A note about reassembling chain: This is not advisable for high stress use. Since the peening is removed from the pin, a chain under a lot of stress can pull the side plate over and off of the chain pin, breaking the chain. Ok for beach cruisers, not OK for single speed mountain bikes. A good quality quicklink is much safer for heavy use.
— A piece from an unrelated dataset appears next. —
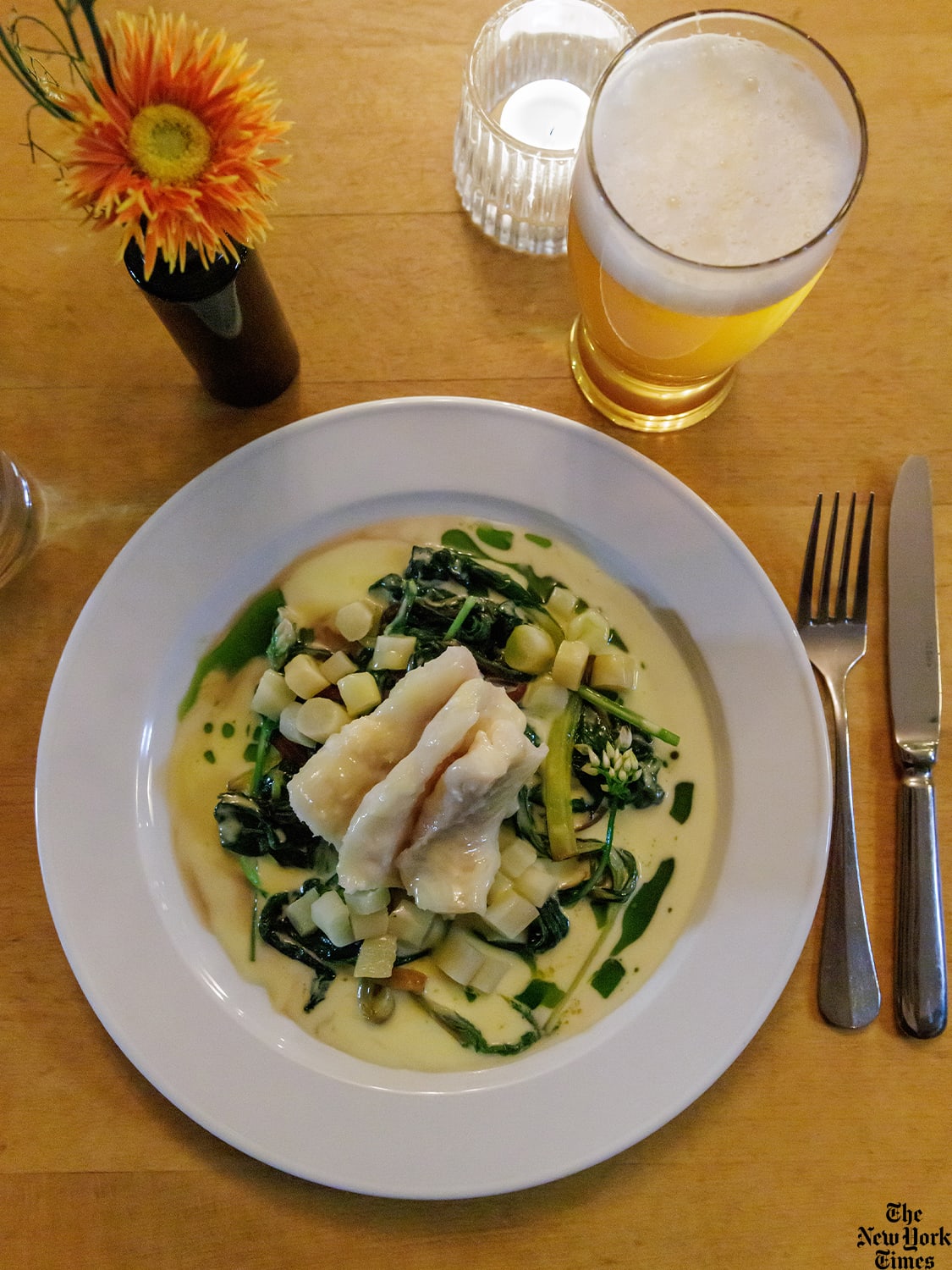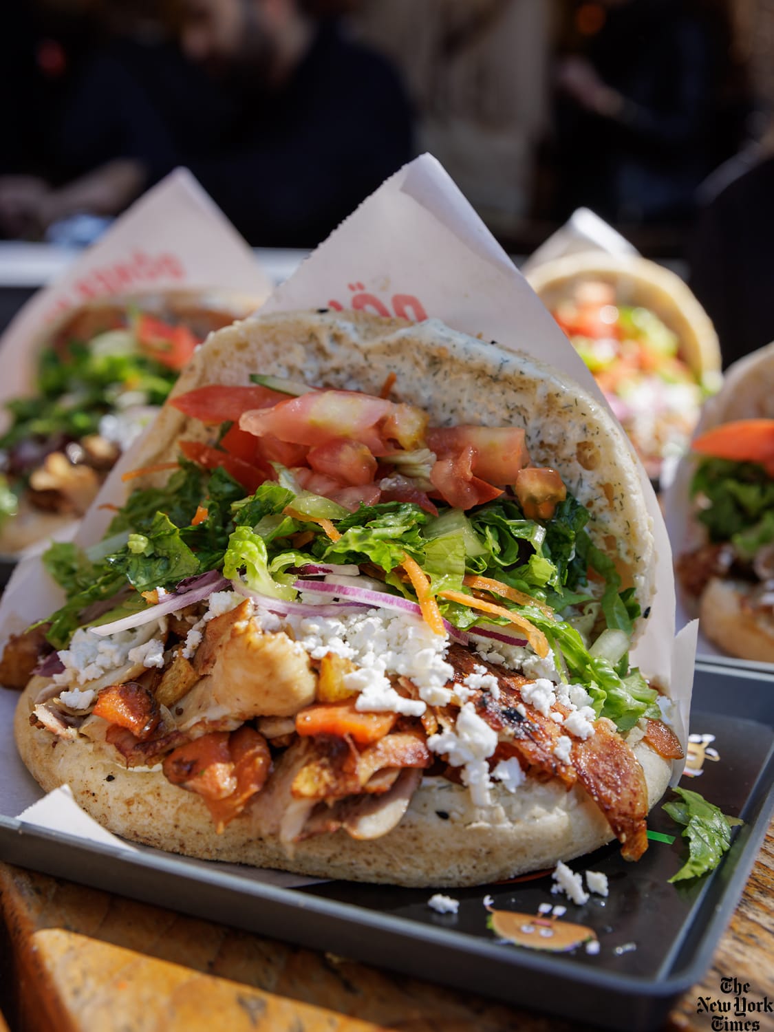 As you leave the Kulturbrauerei, you might see a line on the block and hear reggaeton and rap. Follow the music to its source, Ruyam Gemuse Kebab 2, one of the fast-food shop’s two locations, to taste a famous Berlin dish: Vegetable kebab. Graffiti is scrawled on the walls and the friendly staff — who shout their thanks every time a visitor leaves a tip — give the entire operation the feeling of a party. The sandwiches are filling and tasty: Fluffy bread is stuffed to the brim with sliced chicken — a vegetarian option skips the meat — along with fried potatoes, onions, carrots, lettuce, fresh herbs, lemon juice and garlic sauce (6.90 euros, cash only).

To put the chain back together, we put the ends back into the pin shelf of our chain tool with the chain pin pointing toward the tool pin. Again, make sure the pins line up perfect before proceeding. Now gently start screwing in the chain tool. If the pin stops, back off a little and wiggle the inner piece to allow the holes to line up. Continue screwing the pin inward until it gets close to the other side. The pin and the outside plate are very close tolerances, so it may take a couple of tries. Gently screw in the pin and wiggle the chain a little until the pin and hole line up. Do not try to power it in there, you will bend something. Screw it all the way down until you meet resistance.

loosen pin bicycle chain

Now that the chain is reassembled, the reassembled link will be tight. Move the chain up to the loosening shelf. Get everything straight and then screw the chain pin in about 1/4 if a turn. Now the link will have enough slack to work smoothly.